(Source records)

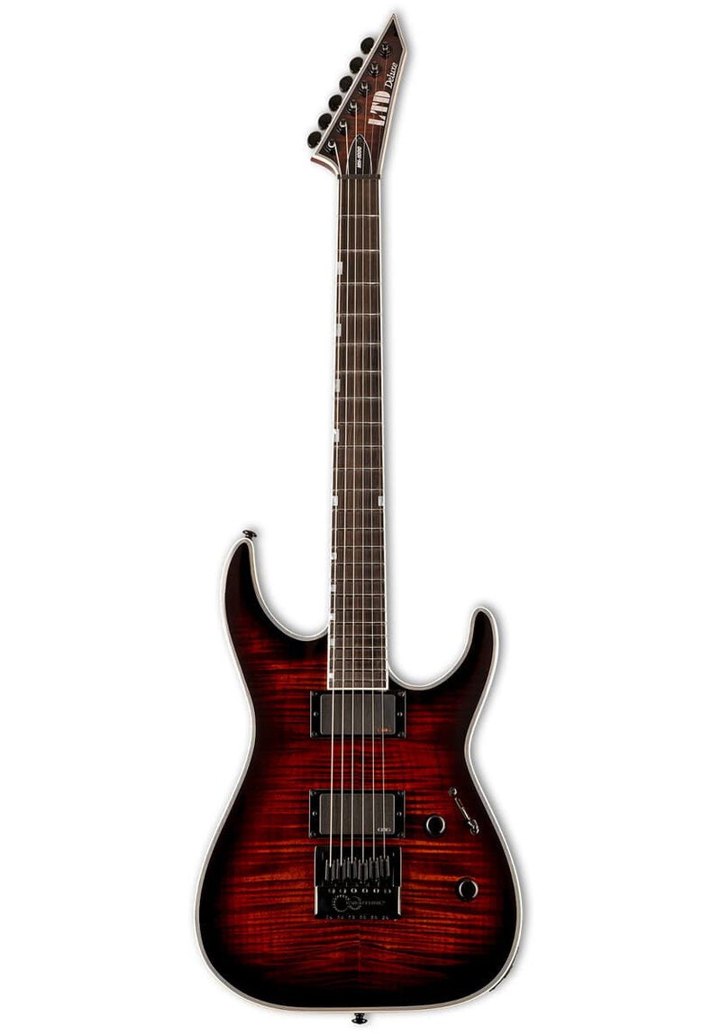 Tuotenumero 1074527LTD MH-1000 EverTune Dark Brown Sunburst on ammattitason sähkökitara, jossa yhdistyvät EverTune-talla, mahonkirunko, loimuvaahterakansi ja EMG-aktiivimikit moderniin rockiin ja metalliin.
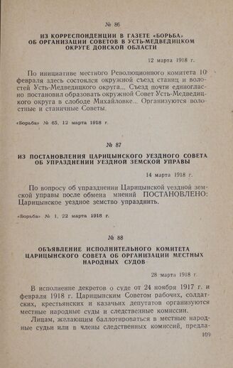 Из корреспонденции в газете «Борьба» об организации Советов в Усть-Медведицком округе Донской области. 12 марта 1918 г. // «Борьба» № 65, 12 марта 1918 г.
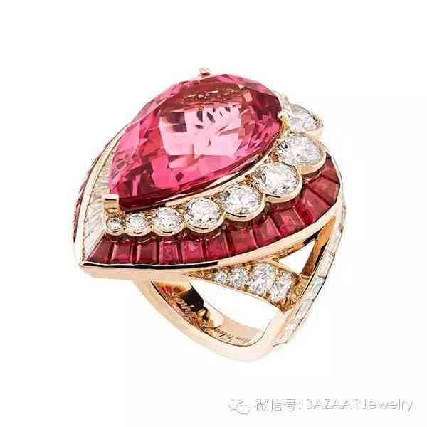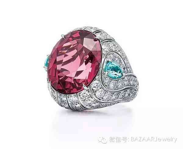 鉑金鑲尖晶石、碧璽、鉆石戒指
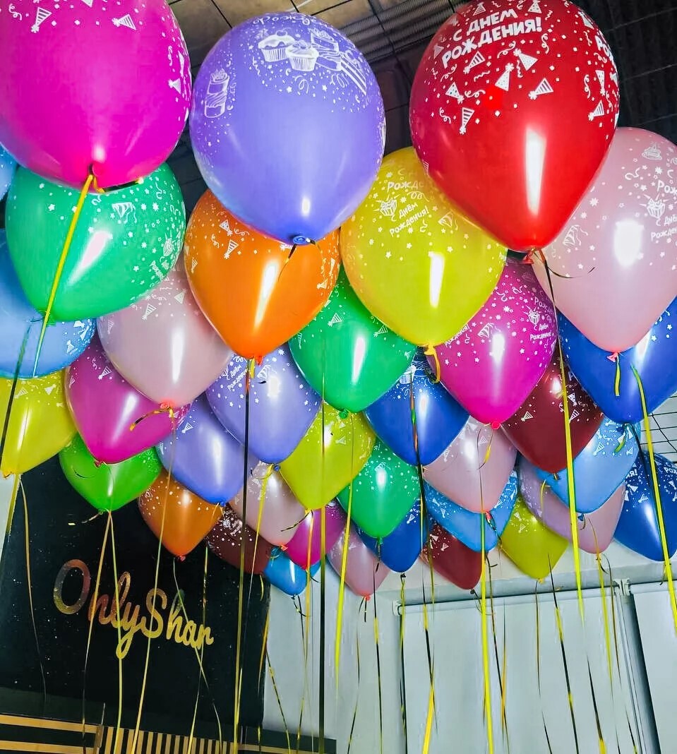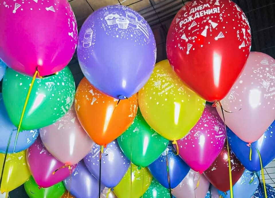 Яркие, плотные шары без постороннего запаха, премиального качества с надписью “С Днем Рождения”.
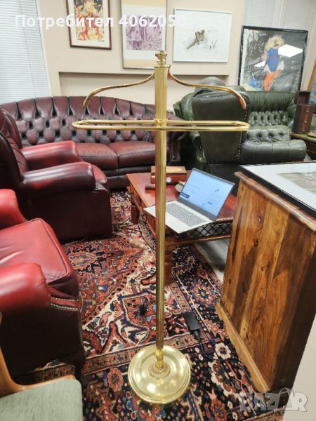 Изключително красив комплект стоящи лампа и и закачалка за костюм от месинг. Производство на немската фирма Sölken Leuchten около 1950-70г.
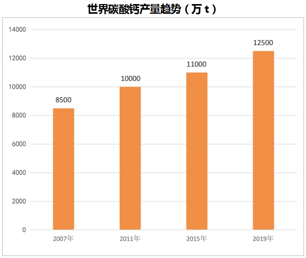 中國粉體網訊 由于造紙、涂料、塑料、橡膠等材料工業的快速發展,市場對重質碳酸鈣、輕質(納米)碳酸鈣等碳酸鈣產品需求量越來越大。世界碳酸鈣的生產能力在過去10年以年均增長率5%-8%的速度增長。據統計,2011年,世界碳酸鈣產量約1億t,其中重質碳酸鈣超過8000萬t,輕質碳酸鈣超過1700 萬t;2015年世界碳酸鈣產量超1.1億t,其中重質碳酸鈣可達9000萬t,而中國重質碳酸鈣約為1500萬t;2019年全球碳酸鈣產量達到1.2億t以上。
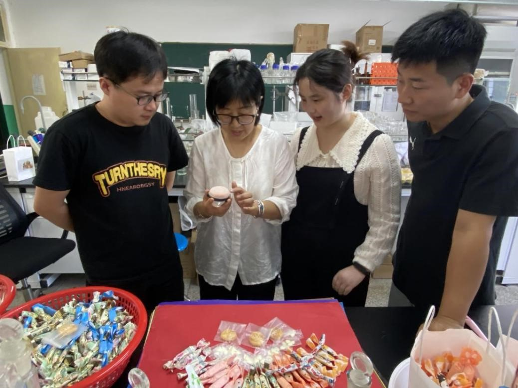 同时,杨老师还是一位认真负责的研究生导师。在研究生管理方面,杨老师把严厉和坚韧表现的淋漓尽致,在她的研究生眼中她是典型的“女汉子”,同学们评价她是“说起话来像妈妈,干起活来像汉子”,她自嘲自己是“打不死的小强”,为了提高工作效率和节省费用,她常常出差不在外住宿,甚至自己开车起大早出门晚上跑夜路归家,她带的研究生对此感触颇深。2020级研究生胡金朋深有感触地说:“我经常跟着导师深入到企业去做项目。有一次,从企业回来已经很晚了,杨老师说咱们按路上讨论的方案马上就试试,虽然大家都很疲惫,但看到导师都这么拼命,大家就二话没说直接跟着她到实验室又干了半宿……也正是杨老师的这种做法激励着我,在最艰难的时候顽强地坚持,才取得了今天丰硕的成果。”当胡金朋同学第一次收到sci收录通知的那一刻,他激动的第一时间向杨老师报喜,杨老师也为自己的弟子能有这样的进步和成就感到骄傲,她鼓励胡金朋说,一旦找到了规律,第二篇第三篇收录通知都会慢慢来的。刚入校不满一学期的2022级食品加工与安全专业研究生崔海鹏谈起杨老师,脸上流露出的全是敬佩和羡慕,他腼腆地说:“我是跨专业上研究生,入学半年来,杨老师先指导我补充专业基础知识,然后指导寻找专业问题,循序渐进,手把手教我做学问。找杨老师做导师,我选对了!在为人、做事、做学问等各个学方面我都深切地感受到了杨老师的人格魅力。”

(End Source records)

Task details »
Print each of the records above exactly as written, leaving no picture in the copy.

Result »
 Tuotenumero 1074527LTD MH-1000 EverTune Dark Brown Sunburst on ammattitason sähkökitara, jossa yhdistyvät EverTune-talla, mahonkirunko, loimuvaahterakansi ja EMG-aktiivimikit moderniin rockiin ja metalliin.
 Из корреспонденции в газете «Борьба» об организации Советов в Усть-Медведицком округе Донской области. 12 марта 1918 г. // «Борьба» № 65, 12 марта 1918 г.
 鉑金鑲尖晶石、碧璽、鉆石戒指
 Яркие, плотные шары без постороннего запаха, премиального качества с надписью “С Днем Рождения”.
 Изключително красив комплект стоящи лампа и и закачалка за костюм от месинг. Производство на немската фирма Sölken Leuchten около 1950-70г.
 中國粉體網訊 由于造紙、涂料、塑料、橡膠等材料工業的快速發展,市場對重質碳酸鈣、輕質(納米)碳酸鈣等碳酸鈣產品需求量越來越大。世界碳酸鈣的生產能力在過去10年以年均增長率5%-8%的速度增長。據統計,2011年,世界碳酸鈣產量約1億t,其中重質碳酸鈣超過8000萬t,輕質碳酸鈣超過1700 萬t;2015年世界碳酸鈣產量超1.1億t,其中重質碳酸鈣可達9000萬t,而中國重質碳酸鈣約為1500萬t;2019年全球碳酸鈣產量達到1.2億t以上。
 同时,杨老师还是一位认真负责的研究生导师。在研究生管理方面,杨老师把严厉和坚韧表现的淋漓尽致,在她的研究生眼中她是典型的“女汉子”,同学们评价她是“说起话来像妈妈,干起活来像汉子”,她自嘲自己是“打不死的小强”,为了提高工作效率和节省费用,她常常出差不在外住宿,甚至自己开车起大早出门晚上跑夜路归家,她带的研究生对此感触颇深。2020级研究生胡金朋深有感触地说:“我经常跟着导师深入到企业去做项目。有一次,从企业回来已经很晚了,杨老师说咱们按路上讨论的方案马上就试试,虽然大家都很疲惫,但看到导师都这么拼命,大家就二话没说直接跟着她到实验室又干了半宿……也正是杨老师的这种做法激励着我,在最艰难的时候顽强地坚持,才取得了今天丰硕的成果。”当胡金朋同学第一次收到sci收录通知的那一刻,他激动的第一时间向杨老师报喜,杨老师也为自己的弟子能有这样的进步和成就感到骄傲,她鼓励胡金朋说,一旦找到了规律,第二篇第三篇收录通知都会慢慢来的。刚入校不满一学期的2022级食品加工与安全专业研究生崔海鹏谈起杨老师,脸上流露出的全是敬佩和羡慕,他腼腆地说:“我是跨专业上研究生,入学半年来,杨老师先指导我补充专业基础知识,然后指导寻找专业问题,循序渐进,手把手教我做学问。找杨老师做导师,我选对了!在为人、做事、做学问等各个学方面我都深切地感受到了杨老师的人格魅力。”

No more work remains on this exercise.